See Section 4 of $GALAHAD/doc/trb.pdf for additional details.

method#

A trust-region method is used. In this, an improvement to a current estimate of the required minimizer, $x_k$ is sought by computing a step $s_k$. The step is chosen to approximately minimize a model $m_k(s)$ of $f(x_k + s)$ within the intersection of the bound constraints $x^l \leq x \leq x^u$ and a trust region $\|s_k\| \leq \Delta_k$ for some specified positive “radius” $\Delta_k$. The quality of the resulting step $s_k$ is assessed by computing the “ratio” $(f(x_k) - f(x_k + s_k))/ (m_k(0) - m_k(s_k))$. The step is deemed to have succeeded if the ratio exceeds a given $\eta_s > 0$, and in this case $x_{k+1} = x_k + s_k$. Otherwise $x_{k+1} = x_k$, and the radius is reduced by powers of a given reduction factor until it is smaller than $\|s_k\|$. If the ratio is larger than $\eta_v \geq \eta_d$, the radius will be increased so that it exceeds $\|s_k\|$ by a given increase factor. The method will terminate as soon as $\|\nabla_x f(x_k)\|$ is smaller than a specified value.

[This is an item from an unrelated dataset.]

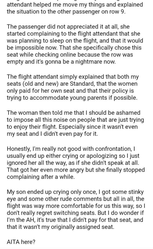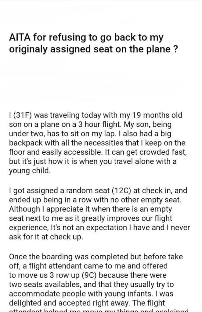AITA for refusing to go back to my originaly assigned seat on the plane ?

Either linear or quadratic models $m_k(s)$ may be used. The former will be taken as the first two terms $f(x_k) + s^T \nabla_x f(x_k)$ of a Taylor series about $x_k$, while the latter uses an approximation to the first three terms $f(x_k) + s^T \nabla_x f(x_k) + \frac{1}{2} s^T B_k s$, for which $B_k$ is a symmetric approximation to the Hessian $\nabla_{xx} f(x_k)$; possible approximations include the true Hessian, limited-memory secant and sparsity approximations and a scaled identity matrix. Normally a two-norm trust region will be used, but this may change if preconditioning is employed.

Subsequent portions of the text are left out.